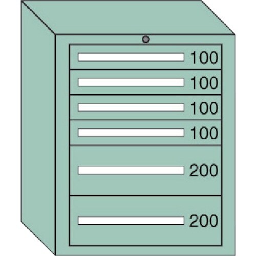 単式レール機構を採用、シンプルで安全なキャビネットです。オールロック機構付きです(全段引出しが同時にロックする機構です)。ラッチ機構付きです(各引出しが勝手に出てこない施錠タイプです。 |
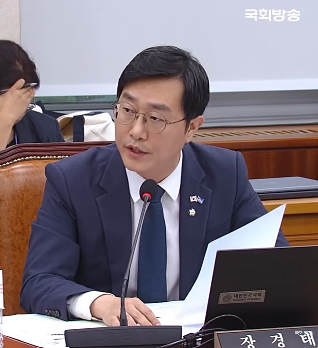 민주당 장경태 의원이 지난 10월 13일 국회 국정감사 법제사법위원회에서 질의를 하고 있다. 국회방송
════════════════
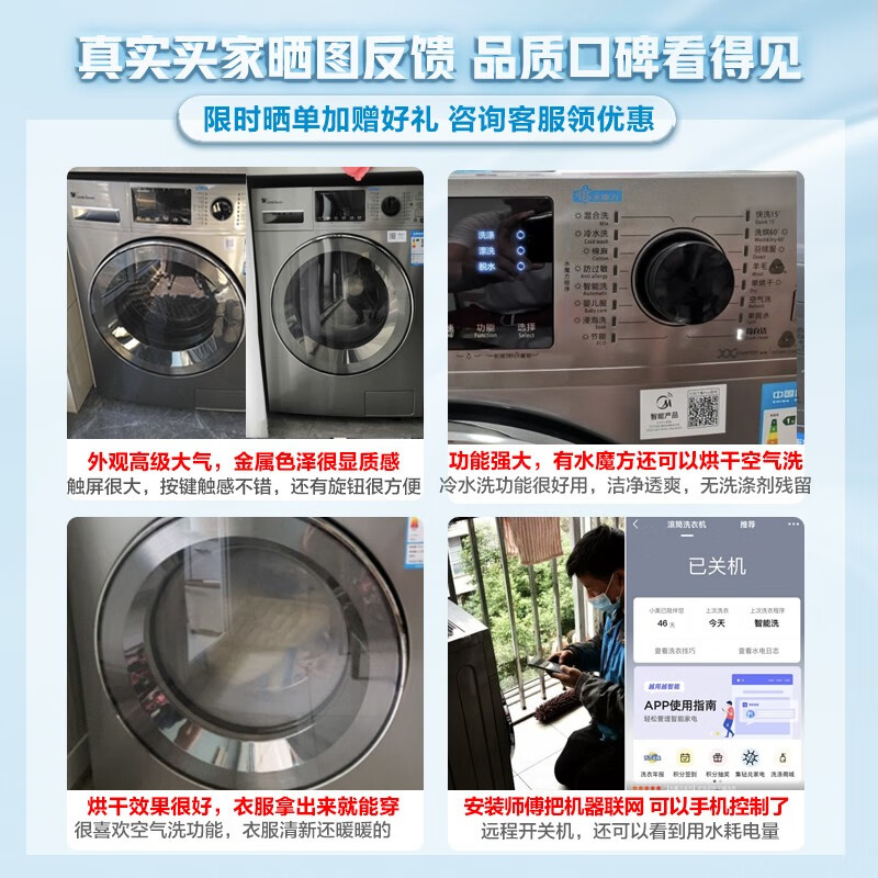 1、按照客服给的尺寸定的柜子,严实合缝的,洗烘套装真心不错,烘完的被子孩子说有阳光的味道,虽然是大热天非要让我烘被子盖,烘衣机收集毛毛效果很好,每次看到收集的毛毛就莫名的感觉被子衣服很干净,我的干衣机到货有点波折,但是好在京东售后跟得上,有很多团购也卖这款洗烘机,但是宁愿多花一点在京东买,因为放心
════════════════
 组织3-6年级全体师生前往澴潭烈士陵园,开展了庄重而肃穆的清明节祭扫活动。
════════════════
## Activity
Exact repeat of the material above: every line from the one with "単式レール機構を採用、シンプ" through the one with "민주당 장경태 의원이", endpoints included, and nothing more. No pictures.

## Task output
 単式レール機構を採用、シンプルで安全なキャビネットです。オールロック機構付きです(全段引出しが同時にロックする機構です)。ラッチ機構付きです(各引出しが勝手に出てこない施錠タイプです。 |
 민주당 장경태 의원이 지난 10월 13일 국회 국정감사 법제사법위원회에서 질의를 하고 있다. 국회방송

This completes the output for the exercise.